As we all know, higher quality cannabis, with increased THC and terpene content, doesn’t always mean record breaking yields. And a record breaking yield doesn’t always mean the most economically feasible solution. An excellent example of these economics can be demonstrated through the HVAC requirements alone. With 1000W HPS lamps requiring approximately 6,000 BTUs of cooling per lamp (depending on room construction and other heat loads) and a 600W LED grow lights producing approximately 2,000 BTUs of heat, it is simple to see that the savings on HVAC alone easily make up for an increase in yield in a larger setup. Not to mention, a direct decrease in energy costs. This is, of course, an equation of revenue per square foot, but the bottom line, with such dramatic operational cost savings, is easy to see.

The cannabis industry has been stuck in a yield based paradigm for decades. But a maturing of the industry has been inevitable as it merges itself with the CEA (Controlled Environments Agriculture) sector, revealing the true cost of an operation. That, and the inevitable enlargement of marijuana grows is placing stress on the environment (and utilities).

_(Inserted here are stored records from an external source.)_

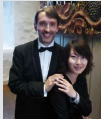
SHIN-YOUNG LEE UND OLIVIER LATRY

Shin-Young Lee und Olivier Latry (Notre Dame, Paris)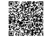
XBB対応ワクチン追加接種

※ 新型コロナワクチンに関する情報を含め、長久手市からの情報は公式LINEとメールで配信しています。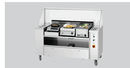
► Pour les poste de cuisson KST Eco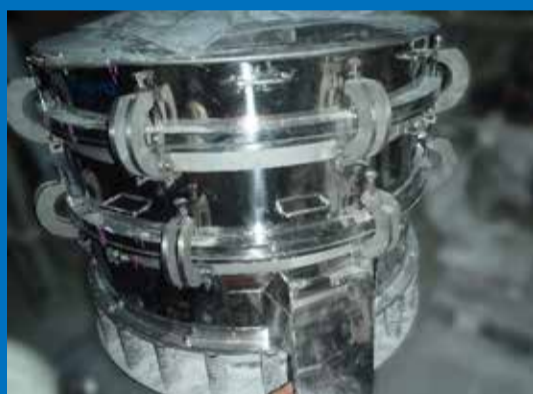
円型振動篩機（選定・購入品）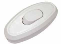
Переключатель белый 6А 250В E 211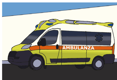
Fig.8 - Andiamo in ambulanza al Pronto Soccorso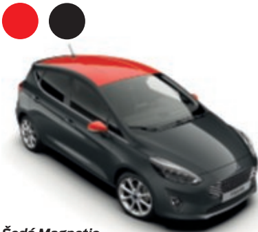
Šedá Magnetic Speciální metalický lak karoserie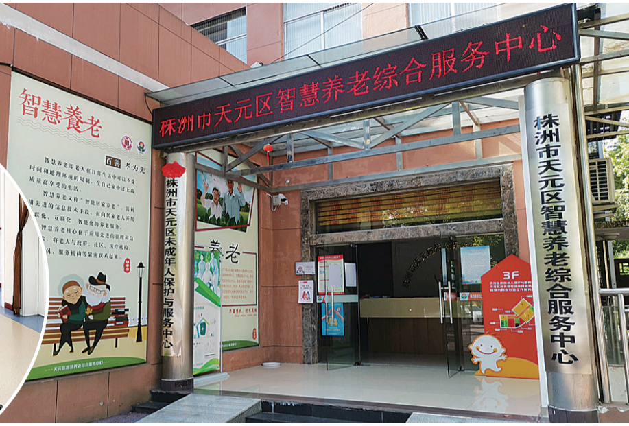
▲去年,天元区智慧养老综合服务中心在嵩山街道挂牌 ▲设在社区里的老年养老院,让群众养老更加便利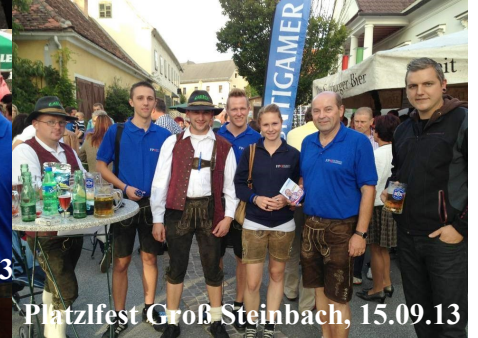
Platzfest Groß Steinbach, 15.09.13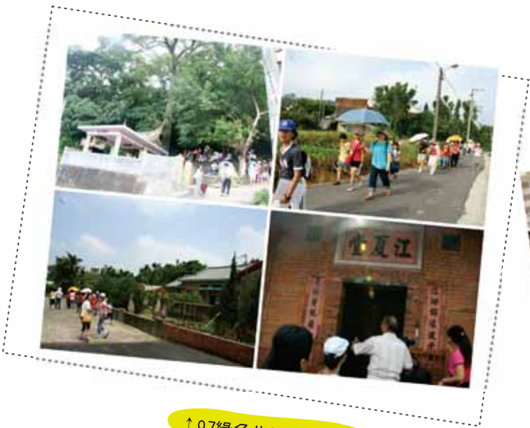
↑ 97綠色生活地圖踏查

Total operating cost per gram may very well be the ultimate metric by which to measure the overall efficiency of a grow operation. But yield is a fairly simple measurement as it does not require an enormous amount of calculation and without stand alone controls and the ability to measure electricity demand in silos of operation, yield is really the only way to measure the productivity.

If that’s the bottom line, higher yields can be achieved as well. By providing the plant with the light it needs at the right time of day and life cycle, you will find increased THC, terpenes, and yields. It all comes down to a little tweaking and testing to find what best suits your specific strain.

Has the time come to shed the yield discussion and begin focusing on the overall efficiency of a grow operation – Total Cost Per Gram – as the ultimate grow metric?



About Author

Ryan Wankel is the head grower at Pinkhouse Blooms, a Denver-based cannabis grow operation using Heliospectra LED Grow Lights. Ryan's 23 years of cannabis growing expertise has led his team to 2 first place cannabis cup awards and most recently a 2nd place in concentrates in the High Times Cannabis Cup 2015.


  1. freewheelinfranklin543 on

    Irrigated areas in Arizona and New Mexico above 4,000′ with the elevated UV will produce some very heady,psychedelic and uplifting Cannabis as good or superior to anything from Northern California or Oregon after legalization.

  2. Outdoor grows are vastly, vastly cheaper, but finding a place that’s either stealthy (or regulated) and with the perfect climate is a challenge, depending on what strains you’re growing. A run of bad weather can turn a potentially great crop into crap.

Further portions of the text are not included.